Data records:
• • • • •

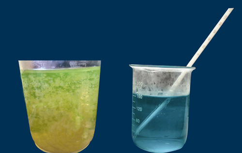 左圖:劣質(zhì)防凍液加熱后出現(xiàn)絮狀膠體懸浮物(偏硅酸鈉膠體) 右圖:我司產(chǎn)品無論低溫還是高溫溶液始終澄清透明
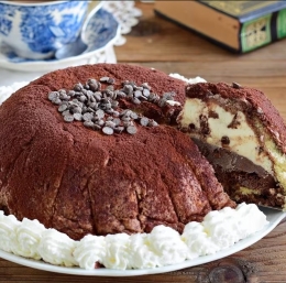 Na vrh položimo preostale rezine biskvita, ki smo jih prepojili z vinom. Pripravljeno sladico damo v hladilnik za približno 5 ur.
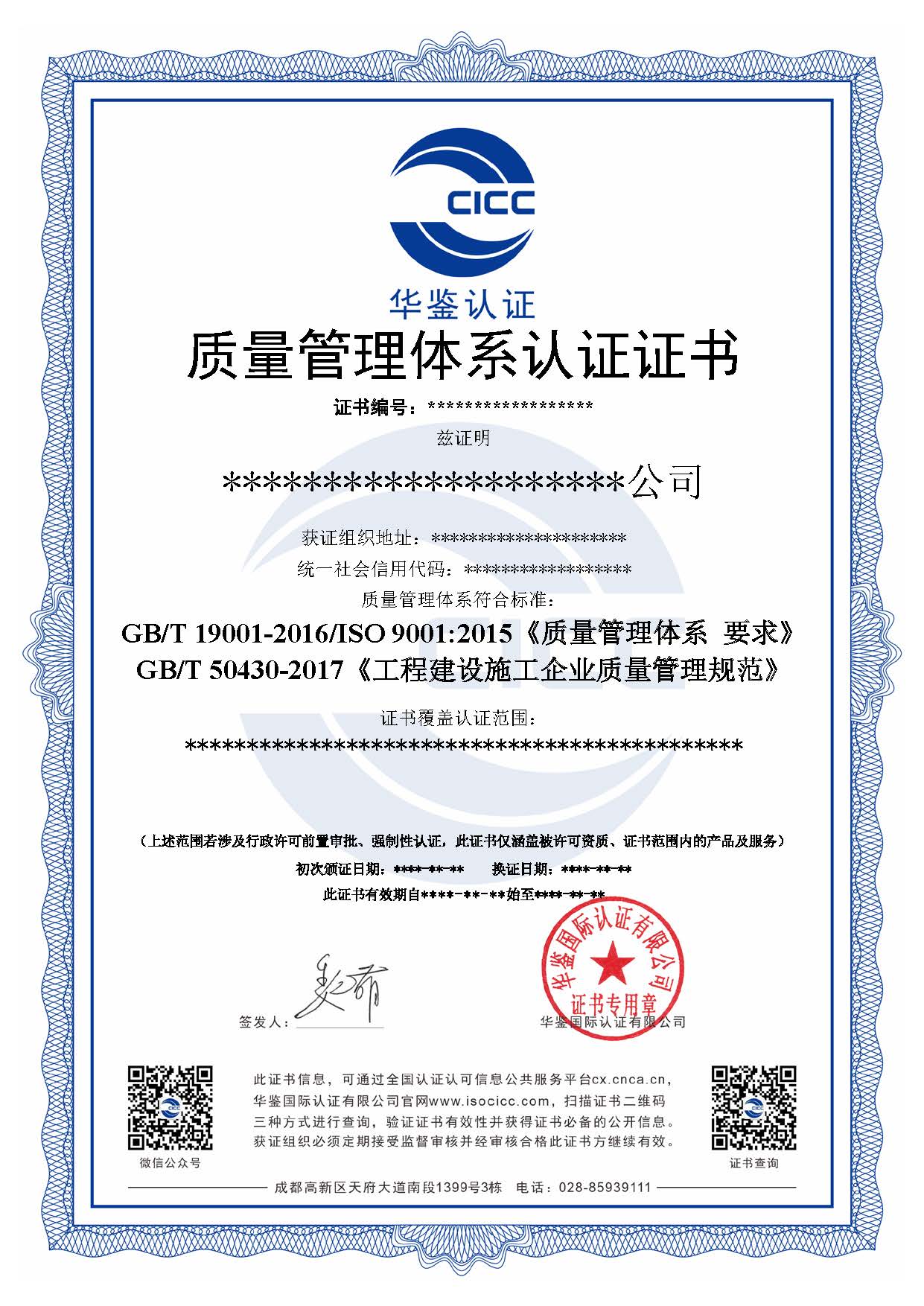GB/T50430:2017全称《工程建设施工企业质量管理规范》, 是建设部为了加强工程建设施工企业的质量管理工作,规范施工企业从工程投标、施工合同的签订、施工现场勘测、施工图纸设计、编制施工相关作业指导书、人机料进场、施工过程管理及施工过程检验、内部竣工验收、竣工交付验收、档案移交人员离场、保修服务等一系列流程而起草标准,其目的就是通过推动施工企业全面实施GB/T50430:2017。 ISO9001+GB/T50430工程建设施工企业质量管理规范,旨在加强工程建设施工企业的质量管理工作,规范施工企业质量管理行为,促进施工企业提高质量管理水平。 GB/T50430认证,是施工企业的“方向盘”,能有效加强其质量管理工作,提升管理水平,有效减少各类隐患。在招投标方面,该证书能够有效提高中标分数,提升企业竞争优势,增加中标率。
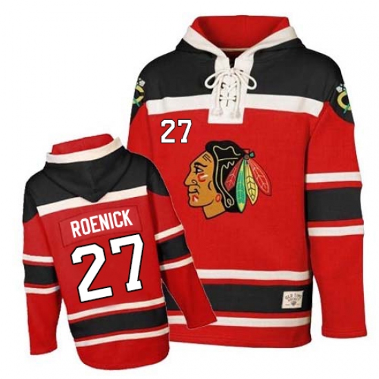 Men's Old Time Hockey Chicago Blackhawks #27 Jeremy Roenick Premier Red Sawyer Hooded Sweatshirt NHL Jersey
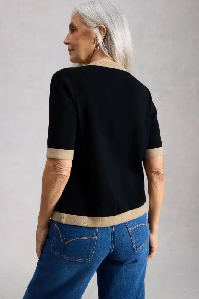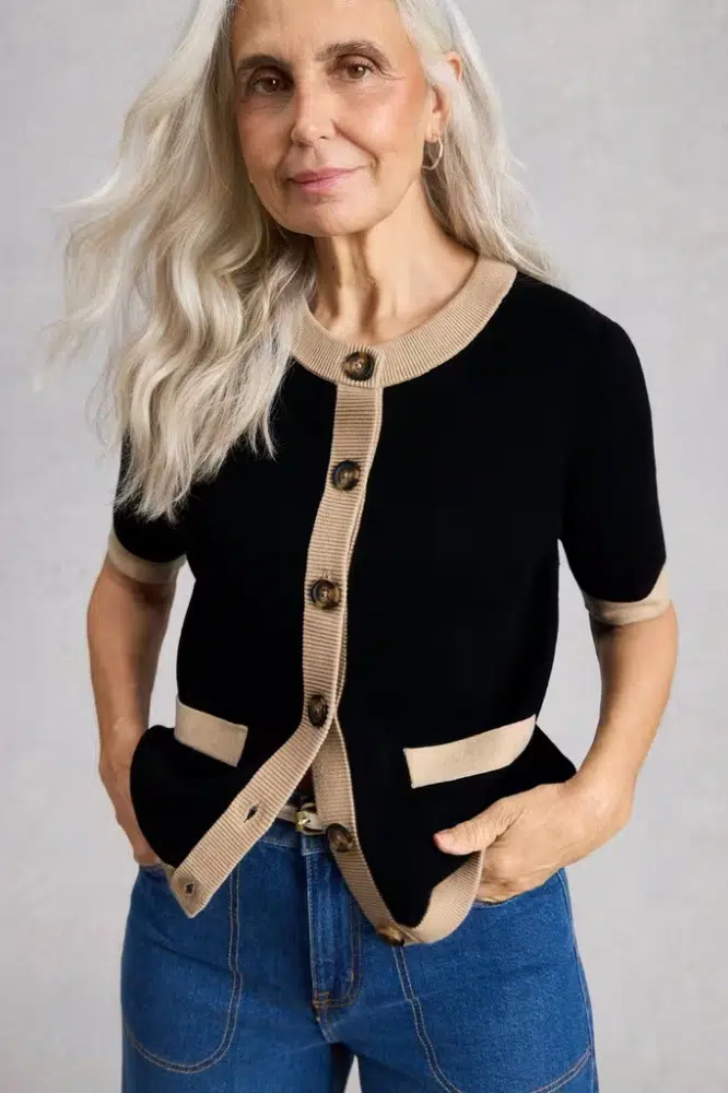 De Charlotte Short Sleeve Cardi laat zien dat een klassiek vest ook een frisse draai kan krijgen. White Stuff combineert hier de herkenbare cardiganstijl met korte mouwen en subtiele contrastdetails. Het resultaat is een vest dat zowel netjes als ontspannen aanvoelt — precies dat soort item dat je makkelijk combineert.
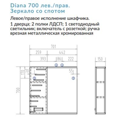 Зеркало Diana 700 правое со спотом
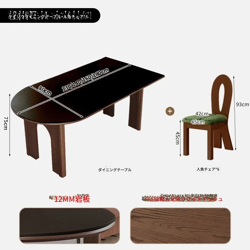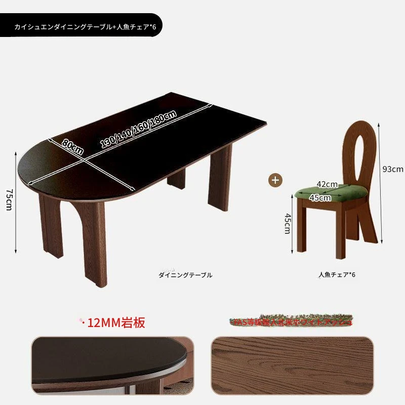 180x80x75/凱旋門半島ダイニングテーブル+6脚人魚椅子
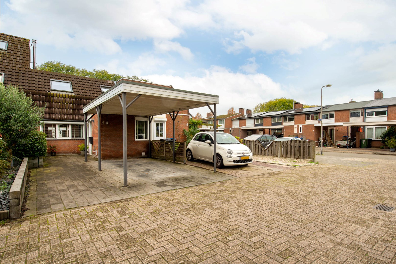 Aan de voorzijde van deze rustig gelegen woning is de carport. Zo kunt altijd voor de deur parkeren. Een parkje en kinderboerderij liggen in de buurt. Ook alle voorzieningen zoals scholen en winkels zijn op loopafstand.
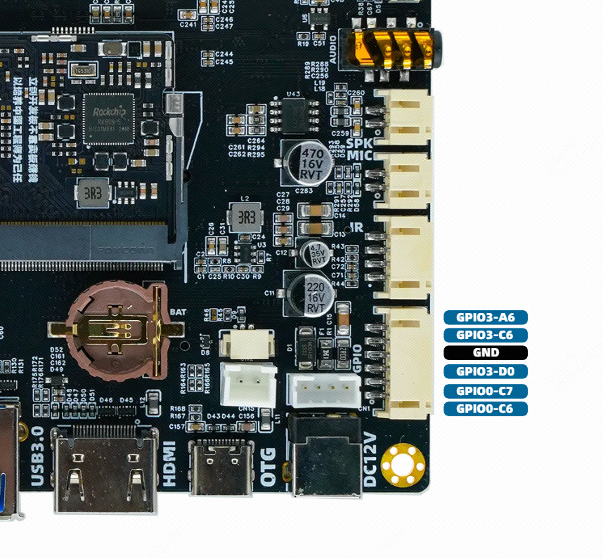 | GPIO3_A6 | 3 | 0 | 6 | 3×32 + 0×8 +6 = 102 | 102 |

• • • • •

About this exercise: Write out exactly, and only, the lines from the line holding "Aan de voorzijde" through the end of the data, inclusive, without any pictures.

Answer to the exercise:
 Aan de voorzijde van deze rustig gelegen woning is de carport. Zo kunt altijd voor de deur parkeren. Een parkje en kinderboerderij liggen in de buurt. Ook alle voorzieningen zoals scholen en winkels zijn op loopafstand.
 | GPIO3_A6 | 3 | 0 | 6 | 3×32 + 0×8 +6 = 102 | 102 |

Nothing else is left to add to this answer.